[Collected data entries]
Content starts

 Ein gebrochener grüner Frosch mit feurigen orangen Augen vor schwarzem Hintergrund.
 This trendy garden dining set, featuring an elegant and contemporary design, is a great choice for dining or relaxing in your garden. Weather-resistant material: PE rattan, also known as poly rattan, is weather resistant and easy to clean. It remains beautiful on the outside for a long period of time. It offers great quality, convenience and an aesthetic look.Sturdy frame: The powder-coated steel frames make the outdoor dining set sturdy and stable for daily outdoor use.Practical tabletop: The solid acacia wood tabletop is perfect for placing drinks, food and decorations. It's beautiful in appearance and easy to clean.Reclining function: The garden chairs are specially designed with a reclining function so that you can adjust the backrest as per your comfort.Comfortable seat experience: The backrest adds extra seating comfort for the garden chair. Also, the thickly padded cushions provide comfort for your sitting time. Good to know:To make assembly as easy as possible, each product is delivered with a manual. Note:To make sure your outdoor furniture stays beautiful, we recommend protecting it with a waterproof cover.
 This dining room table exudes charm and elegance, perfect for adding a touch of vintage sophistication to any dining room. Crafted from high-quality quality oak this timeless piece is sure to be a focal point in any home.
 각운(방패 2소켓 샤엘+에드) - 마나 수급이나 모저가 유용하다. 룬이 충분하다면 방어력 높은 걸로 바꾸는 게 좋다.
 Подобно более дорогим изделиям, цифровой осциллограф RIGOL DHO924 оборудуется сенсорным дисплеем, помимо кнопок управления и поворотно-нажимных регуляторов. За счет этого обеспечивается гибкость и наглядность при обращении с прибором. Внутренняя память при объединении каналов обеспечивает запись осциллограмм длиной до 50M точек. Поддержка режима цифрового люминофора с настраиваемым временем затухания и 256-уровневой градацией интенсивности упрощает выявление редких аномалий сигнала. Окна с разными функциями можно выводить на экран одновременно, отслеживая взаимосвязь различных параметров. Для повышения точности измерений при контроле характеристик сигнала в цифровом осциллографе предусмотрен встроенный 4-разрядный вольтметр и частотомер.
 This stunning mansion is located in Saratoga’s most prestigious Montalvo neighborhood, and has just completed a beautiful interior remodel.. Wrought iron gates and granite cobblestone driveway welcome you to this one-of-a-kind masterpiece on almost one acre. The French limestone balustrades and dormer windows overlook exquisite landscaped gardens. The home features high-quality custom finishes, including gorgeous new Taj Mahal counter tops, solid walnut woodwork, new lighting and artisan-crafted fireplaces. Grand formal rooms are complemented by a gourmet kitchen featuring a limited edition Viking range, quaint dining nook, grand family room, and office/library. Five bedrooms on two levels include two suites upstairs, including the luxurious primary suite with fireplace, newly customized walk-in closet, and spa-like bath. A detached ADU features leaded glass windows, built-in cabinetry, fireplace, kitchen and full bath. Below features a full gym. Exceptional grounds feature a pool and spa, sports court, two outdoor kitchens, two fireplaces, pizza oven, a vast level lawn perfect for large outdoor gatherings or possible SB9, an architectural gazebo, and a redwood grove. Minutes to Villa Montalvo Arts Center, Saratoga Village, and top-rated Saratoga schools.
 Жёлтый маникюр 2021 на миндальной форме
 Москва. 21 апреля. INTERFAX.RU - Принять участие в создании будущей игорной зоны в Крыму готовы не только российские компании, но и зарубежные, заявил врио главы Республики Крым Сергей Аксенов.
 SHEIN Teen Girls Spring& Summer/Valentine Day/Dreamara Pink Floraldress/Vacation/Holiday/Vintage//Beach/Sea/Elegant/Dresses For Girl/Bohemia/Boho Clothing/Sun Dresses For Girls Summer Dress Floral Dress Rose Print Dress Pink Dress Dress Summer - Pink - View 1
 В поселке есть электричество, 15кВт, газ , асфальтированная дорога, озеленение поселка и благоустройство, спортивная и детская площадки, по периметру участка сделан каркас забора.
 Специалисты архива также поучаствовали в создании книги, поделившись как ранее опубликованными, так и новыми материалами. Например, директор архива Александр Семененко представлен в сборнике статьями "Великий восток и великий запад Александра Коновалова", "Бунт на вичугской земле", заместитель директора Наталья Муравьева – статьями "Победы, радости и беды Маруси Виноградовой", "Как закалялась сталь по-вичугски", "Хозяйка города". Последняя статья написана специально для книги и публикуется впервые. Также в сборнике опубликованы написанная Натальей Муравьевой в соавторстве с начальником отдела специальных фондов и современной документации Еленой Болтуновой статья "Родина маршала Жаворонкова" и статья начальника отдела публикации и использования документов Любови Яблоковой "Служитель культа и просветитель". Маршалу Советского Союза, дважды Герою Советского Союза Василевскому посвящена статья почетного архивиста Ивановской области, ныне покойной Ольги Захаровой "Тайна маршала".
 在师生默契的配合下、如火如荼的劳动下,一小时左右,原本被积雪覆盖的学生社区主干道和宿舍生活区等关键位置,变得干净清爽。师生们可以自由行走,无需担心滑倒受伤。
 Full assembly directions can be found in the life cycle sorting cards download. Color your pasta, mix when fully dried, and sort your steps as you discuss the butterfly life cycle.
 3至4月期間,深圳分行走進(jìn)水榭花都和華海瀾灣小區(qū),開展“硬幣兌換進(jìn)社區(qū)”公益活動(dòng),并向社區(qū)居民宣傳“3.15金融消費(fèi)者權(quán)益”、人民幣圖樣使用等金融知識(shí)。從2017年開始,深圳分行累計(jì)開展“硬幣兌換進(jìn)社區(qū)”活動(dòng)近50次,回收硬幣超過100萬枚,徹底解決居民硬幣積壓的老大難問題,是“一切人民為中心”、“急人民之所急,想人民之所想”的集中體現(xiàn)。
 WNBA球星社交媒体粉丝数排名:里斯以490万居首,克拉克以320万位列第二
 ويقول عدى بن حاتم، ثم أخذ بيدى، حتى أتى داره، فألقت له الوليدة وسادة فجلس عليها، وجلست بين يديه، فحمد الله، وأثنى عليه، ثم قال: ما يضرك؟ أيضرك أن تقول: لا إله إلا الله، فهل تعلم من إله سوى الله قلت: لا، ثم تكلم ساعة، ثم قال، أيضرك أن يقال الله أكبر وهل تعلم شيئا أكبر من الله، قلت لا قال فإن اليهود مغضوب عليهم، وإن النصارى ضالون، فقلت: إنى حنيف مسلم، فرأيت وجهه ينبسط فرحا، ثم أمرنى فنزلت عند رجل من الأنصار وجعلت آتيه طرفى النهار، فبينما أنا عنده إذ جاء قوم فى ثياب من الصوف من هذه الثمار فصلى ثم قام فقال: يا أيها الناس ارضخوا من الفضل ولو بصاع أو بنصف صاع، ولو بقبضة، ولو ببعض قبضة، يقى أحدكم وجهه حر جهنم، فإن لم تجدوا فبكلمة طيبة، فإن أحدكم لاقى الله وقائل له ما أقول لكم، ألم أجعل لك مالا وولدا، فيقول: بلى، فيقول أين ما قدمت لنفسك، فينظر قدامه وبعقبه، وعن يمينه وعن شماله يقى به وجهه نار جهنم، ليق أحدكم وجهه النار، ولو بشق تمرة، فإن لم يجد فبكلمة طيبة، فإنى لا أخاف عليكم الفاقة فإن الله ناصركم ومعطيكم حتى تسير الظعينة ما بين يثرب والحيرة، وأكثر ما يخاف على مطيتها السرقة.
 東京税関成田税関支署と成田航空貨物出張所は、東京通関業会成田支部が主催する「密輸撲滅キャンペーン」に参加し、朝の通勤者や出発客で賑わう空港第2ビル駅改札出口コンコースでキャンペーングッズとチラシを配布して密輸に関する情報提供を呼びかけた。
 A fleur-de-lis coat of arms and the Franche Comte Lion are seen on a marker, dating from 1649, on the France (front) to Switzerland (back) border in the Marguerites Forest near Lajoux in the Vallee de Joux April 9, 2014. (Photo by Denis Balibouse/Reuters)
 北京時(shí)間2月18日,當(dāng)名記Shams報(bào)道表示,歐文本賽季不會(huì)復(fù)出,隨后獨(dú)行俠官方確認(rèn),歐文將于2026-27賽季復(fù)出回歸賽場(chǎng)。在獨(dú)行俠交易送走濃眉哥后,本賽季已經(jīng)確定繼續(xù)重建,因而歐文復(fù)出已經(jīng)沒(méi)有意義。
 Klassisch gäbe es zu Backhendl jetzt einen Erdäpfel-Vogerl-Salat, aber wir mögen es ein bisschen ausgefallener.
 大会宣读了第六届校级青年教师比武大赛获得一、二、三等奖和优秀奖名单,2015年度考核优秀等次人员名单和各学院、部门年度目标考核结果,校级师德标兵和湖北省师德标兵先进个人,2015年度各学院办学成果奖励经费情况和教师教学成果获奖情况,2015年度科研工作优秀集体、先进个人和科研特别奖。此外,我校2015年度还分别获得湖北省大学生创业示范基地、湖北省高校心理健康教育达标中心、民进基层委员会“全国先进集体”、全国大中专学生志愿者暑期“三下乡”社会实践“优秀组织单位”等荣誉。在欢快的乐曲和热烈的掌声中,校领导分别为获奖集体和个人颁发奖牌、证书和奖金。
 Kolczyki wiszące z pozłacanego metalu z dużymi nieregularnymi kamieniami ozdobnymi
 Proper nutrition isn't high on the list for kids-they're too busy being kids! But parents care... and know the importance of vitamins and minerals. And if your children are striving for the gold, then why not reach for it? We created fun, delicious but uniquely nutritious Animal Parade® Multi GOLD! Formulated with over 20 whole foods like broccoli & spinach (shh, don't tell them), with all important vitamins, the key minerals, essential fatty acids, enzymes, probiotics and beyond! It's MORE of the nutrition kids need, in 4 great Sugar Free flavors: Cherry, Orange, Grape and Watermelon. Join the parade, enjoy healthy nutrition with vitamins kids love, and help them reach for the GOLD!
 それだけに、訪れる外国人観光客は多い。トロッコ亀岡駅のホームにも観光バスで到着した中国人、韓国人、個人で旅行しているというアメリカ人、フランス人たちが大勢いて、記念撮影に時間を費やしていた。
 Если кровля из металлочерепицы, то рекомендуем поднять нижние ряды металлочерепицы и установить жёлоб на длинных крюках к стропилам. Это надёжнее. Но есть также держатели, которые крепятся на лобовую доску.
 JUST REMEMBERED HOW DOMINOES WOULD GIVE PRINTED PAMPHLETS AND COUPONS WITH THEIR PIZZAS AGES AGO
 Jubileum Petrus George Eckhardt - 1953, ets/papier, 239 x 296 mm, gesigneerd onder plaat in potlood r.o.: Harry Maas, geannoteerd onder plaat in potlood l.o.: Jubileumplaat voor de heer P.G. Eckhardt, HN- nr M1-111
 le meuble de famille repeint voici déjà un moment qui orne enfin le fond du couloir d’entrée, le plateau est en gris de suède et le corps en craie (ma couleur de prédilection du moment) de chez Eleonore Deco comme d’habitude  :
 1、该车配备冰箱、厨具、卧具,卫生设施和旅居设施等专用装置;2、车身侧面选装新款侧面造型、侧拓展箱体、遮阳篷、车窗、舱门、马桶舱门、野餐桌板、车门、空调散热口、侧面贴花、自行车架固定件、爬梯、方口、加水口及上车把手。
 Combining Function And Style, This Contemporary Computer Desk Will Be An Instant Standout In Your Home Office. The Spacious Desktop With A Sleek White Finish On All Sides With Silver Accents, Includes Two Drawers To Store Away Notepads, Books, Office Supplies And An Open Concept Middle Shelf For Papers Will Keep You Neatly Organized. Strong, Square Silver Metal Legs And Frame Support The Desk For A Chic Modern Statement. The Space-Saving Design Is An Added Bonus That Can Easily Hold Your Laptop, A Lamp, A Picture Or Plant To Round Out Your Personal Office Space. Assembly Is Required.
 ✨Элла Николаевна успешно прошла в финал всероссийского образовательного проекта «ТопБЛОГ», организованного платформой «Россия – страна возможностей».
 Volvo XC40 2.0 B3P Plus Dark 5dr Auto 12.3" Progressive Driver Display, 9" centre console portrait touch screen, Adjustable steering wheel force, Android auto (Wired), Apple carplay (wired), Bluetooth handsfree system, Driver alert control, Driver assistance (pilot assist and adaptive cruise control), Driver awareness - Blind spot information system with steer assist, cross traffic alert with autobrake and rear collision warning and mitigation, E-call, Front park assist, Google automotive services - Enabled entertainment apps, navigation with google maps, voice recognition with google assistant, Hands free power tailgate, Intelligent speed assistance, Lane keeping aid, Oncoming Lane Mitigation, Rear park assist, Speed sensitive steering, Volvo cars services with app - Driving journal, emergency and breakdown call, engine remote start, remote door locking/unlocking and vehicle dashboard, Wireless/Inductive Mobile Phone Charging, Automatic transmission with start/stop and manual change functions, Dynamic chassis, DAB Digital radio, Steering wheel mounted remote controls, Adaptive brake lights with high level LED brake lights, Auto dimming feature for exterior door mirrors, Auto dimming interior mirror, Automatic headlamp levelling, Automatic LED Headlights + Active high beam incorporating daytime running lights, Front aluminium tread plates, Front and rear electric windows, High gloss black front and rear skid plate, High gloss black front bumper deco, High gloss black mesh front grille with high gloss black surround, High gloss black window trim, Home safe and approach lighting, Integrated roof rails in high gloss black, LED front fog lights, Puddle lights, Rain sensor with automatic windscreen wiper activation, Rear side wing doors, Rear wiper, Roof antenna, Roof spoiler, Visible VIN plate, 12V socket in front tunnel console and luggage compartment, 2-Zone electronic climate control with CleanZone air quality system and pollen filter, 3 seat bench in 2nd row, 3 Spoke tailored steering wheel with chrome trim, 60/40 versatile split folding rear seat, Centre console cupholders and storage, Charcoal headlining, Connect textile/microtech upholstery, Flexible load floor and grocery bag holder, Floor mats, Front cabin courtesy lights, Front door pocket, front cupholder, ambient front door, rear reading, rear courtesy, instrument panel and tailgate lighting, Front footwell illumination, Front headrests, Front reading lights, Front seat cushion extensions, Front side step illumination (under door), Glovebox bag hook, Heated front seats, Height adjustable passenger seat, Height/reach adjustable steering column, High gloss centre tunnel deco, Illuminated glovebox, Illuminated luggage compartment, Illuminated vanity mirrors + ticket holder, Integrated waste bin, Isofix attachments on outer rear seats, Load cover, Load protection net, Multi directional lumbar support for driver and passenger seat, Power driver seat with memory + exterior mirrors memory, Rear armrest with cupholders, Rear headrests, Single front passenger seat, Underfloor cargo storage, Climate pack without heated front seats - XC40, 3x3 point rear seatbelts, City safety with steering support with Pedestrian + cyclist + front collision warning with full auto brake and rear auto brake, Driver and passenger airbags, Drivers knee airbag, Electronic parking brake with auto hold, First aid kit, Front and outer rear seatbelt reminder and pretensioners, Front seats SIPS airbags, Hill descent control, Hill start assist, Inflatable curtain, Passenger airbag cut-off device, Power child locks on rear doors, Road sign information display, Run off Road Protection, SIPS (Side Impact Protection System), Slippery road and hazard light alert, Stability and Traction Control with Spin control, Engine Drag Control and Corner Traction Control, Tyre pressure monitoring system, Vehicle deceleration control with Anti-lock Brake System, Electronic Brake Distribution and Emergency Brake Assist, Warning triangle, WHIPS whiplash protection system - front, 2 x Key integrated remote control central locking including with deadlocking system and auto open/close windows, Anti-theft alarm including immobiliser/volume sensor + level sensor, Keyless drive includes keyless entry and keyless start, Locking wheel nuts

Content ends

EXERCISE PROMPT | From the records above, give again exactly the lines running from the line with "Москва. 21 апреля." to the line with "SHEIN Teen Girls", inclusive.

RESULT |
 Москва. 21 апреля. INTERFAX.RU - Принять участие в создании будущей игорной зоны в Крыму готовы не только российские компании, но и зарубежные, заявил врио главы Республики Крым Сергей Аксенов.
 SHEIN Teen Girls Spring& Summer/Valentine Day/Dreamara Pink Floraldress/Vacation/Holiday/Vintage//Beach/Sea/Elegant/Dresses For Girl/Bohemia/Boho Clothing/Sun Dresses For Girls Summer Dress Floral Dress Rose Print Dress Pink Dress Dress Summer - Pink - View 1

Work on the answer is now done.